Abstract:
With the growing technological advancements in the present era, the curiosity to remain updated about the daily happenings in the world has opened up various opportunities for news dissemination. Access to information with ease has made the propagation of news much efficient and cost effective. However, online news is a double-edged sword that creates a room for spreading fake news which intends to mislead and exaggerate the reality. This issue is a rising problem leading towards several real world sociopolitical and cultural impacts. To curb the menace of fake news different organizations are working to handle it, but majority of the work is being done in English, unfortunately the language of Urdu in this dimension remains untouched.

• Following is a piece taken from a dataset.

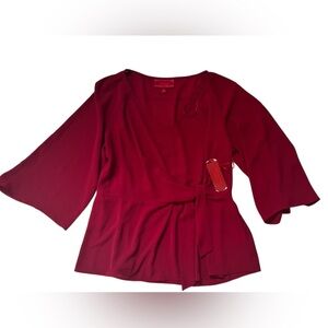 Jennifer Lopez Blouse Red Wrap Top Sheer Women’s Size M

This research is focused on detecting fake news in Urdu language. The demand is to have a detecting mechanism that can predict between fake and real news. In South Asian languages, unavailability of datasets is the major hindrance of evaluating fake news. Therefore, my contribution is the induction of a dataset influenced by English fake news dataset for Urdu news; Corpus of Urdu News for Fake News Detection (COUNFND) which has been derived from digital journalism. It contains 480 documents with 120 claims processed by means of conducting traditional machine learning algorithms and text preprocessing techniques. The corpus holds great importance for the evaluation of fake news detection system specifically for Urdu Language. This thesis discusses different techniques that have been applied on the Urdu language datasets and furthermore achieving classification accuracy of about 73 percent effectively.
Later on, a new dataset of fake news in Urdu Language has been introduced by Maaz Amjad (Bend the Truth), which has articles divided into fake and real classification, I have applied different supervised learning models and have achieved an accuracy of 0.89 on random forest using four grams techniques which is greater than the baseline accuracy provided with the dataset.